Proximity Effect

Table of Contents

Ada hal yang menarik dari cara manusia menjalin hubungan. Sering kali kita merasa dekat bukan karena sesuatu yang besar, melainkan karena kebetulan yang sederhana. Kita duduk di kelas yang sama, melewati koridor yang sama, atau sekadar sering berpapasan di tempat yang sama. Dari situ lahir senyum singkat, lalu obrolan ringan, dan entah bagaimana, hati jadi terasa lebih akrab.
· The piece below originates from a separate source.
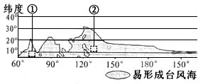 下图是北半球易形成台风海区分布示意图。读图,完成1—3题。
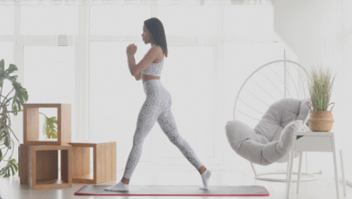 매트에 서서 준비하세요. 왼발을 앞으로 내딛습니다. 무릎을 구부리면서 런지 동작을 진행하세요. 무릎을 90도 각도로 만드세요. 손은 가슴 앞에서 모았다가 내려줍니다. 30초 운동하세요. 오른발을 앞으로 내딛고, 동일하게 30초 운동합니다.

Psikologi sosial menyebutnya proximity effect, sebuah kecenderungan manusia untuk merasa terikat karena kedekatan yang berulang.

Penelitian yang dilakukan Festinger dan rekan-rekannya di tahun 1950 pernah menyingkap hal ini dengan jelas. Mereka meneliti mahasiswa yang tinggal di kompleks asrama. Hasilnya menunjukkan bahwa kamar yang berdekatan menghasilkan lebih banyak pertemanan dibanding kamar yang berjauhan. Seakan-akan, sekadar sering bertemu sudah cukup untuk membuat seseorang masuk dalam lingkar hidup kita.

Kalau dipikir-pikir, memang begitu kenyataannya. Wajah yang awalnya asing bisa jadi terasa ramah hanya karena sering terlihat. Percakapan sepele yang berulang bisa menciptakan rasa nyaman. Dari nyaman lahirlah keterikatan, meskipun kita tidak pernah benar-benar merencanakannya. Kedekatan bisa bekerja begitu alami, hampir tanpa disadari.

Namun, kedekatan bukan sesuatu yang netral. Ia bisa menjadi jalan menuju kebaikan, tetapi juga bisa menjadi pintu masalah. Islam sejak awal sudah menegaskan bahwa manusia memang diciptakan untuk saling mengenal. Dalam Al-Qur’an disebutkan bahwa Allah menjadikan manusia bersuku-suku dan berbangsa-bangsa supaya saling mengenal. Tetapi dalam soal interaksi lawan jenis, ada batas yang jelas. Kedekatan yang tidak terikat pernikahan sering kali membawa pada hal yang dilarang, meski awalnya terlihat sederhana.

Pacaran misalnya. Banyak yang menganggapnya wajar, bahkan dianggap jalan untuk saling mengenal. Padahal dari sisi psikologi, kedekatan intens antara dua orang yang bukan mahram hampir pasti melahirkan keterikatan emosional. Dan ketika hati sudah terikat, sulit sekali menjaga diri tetap berada dalam koridor yang benar. Nabi pernah mengingatkan bahwa zina tidak hanya soal perbuatan fisik, tetapi bisa juga melalui pandangan, ucapan, bahkan hati. Semua itu sering bermula dari kedekatan yang tidak terjaga.

Tetapi proximity effect bukan hanya soal risiko. Ia juga bisa menjadi ladang kebaikan. Kedekatan dengan orang-orang saleh membuat kita lebih mudah tertular kebaikan mereka. Dekat dengan keluarga bisa mempererat kasih sayang. Dekat dengan guru dan sahabat yang bijak bisa memperkuat iman. Kedekatan seperti ini justru menjadi jalan yang memperindah hidup.

Sebaliknya, jika kedekatan kita salah arah, dampaknya juga tidak kecil. Banyak orang yang awalnya hanya merasa “sekadar dekat” dengan seseorang, lalu tanpa sadar terjebak dalam hubungan yang menguras waktu, melemahkan semangat, bahkan merusak ibadah. Semua berawal dari sesuatu yang tampak sederhana, tetapi lama-lama berkembang menjadi masalah yang sulit dilepaskan.

Pada akhirnya, proximity effect mengingatkan kita bahwa manusia mudah sekali terikat dengan siapa pun yang dibiarkan sering hadir dalam hidupnya. Ilmu menjelaskan mekanismenya, agama memberi arah agar tidak salah melangkah. Pilihannya ada pada kita, apakah ingin dekat dengan orang yang membawa kita semakin ingat pada Allah, atau justru dengan orang yang menjauhkan kita dari-Nya. 

Kedekatan yang paling indah bukanlah dengan seseorang yang sering kita jumpai, melainkan dengan Dia yang tidak pernah meninggalkan kita sedetik pun.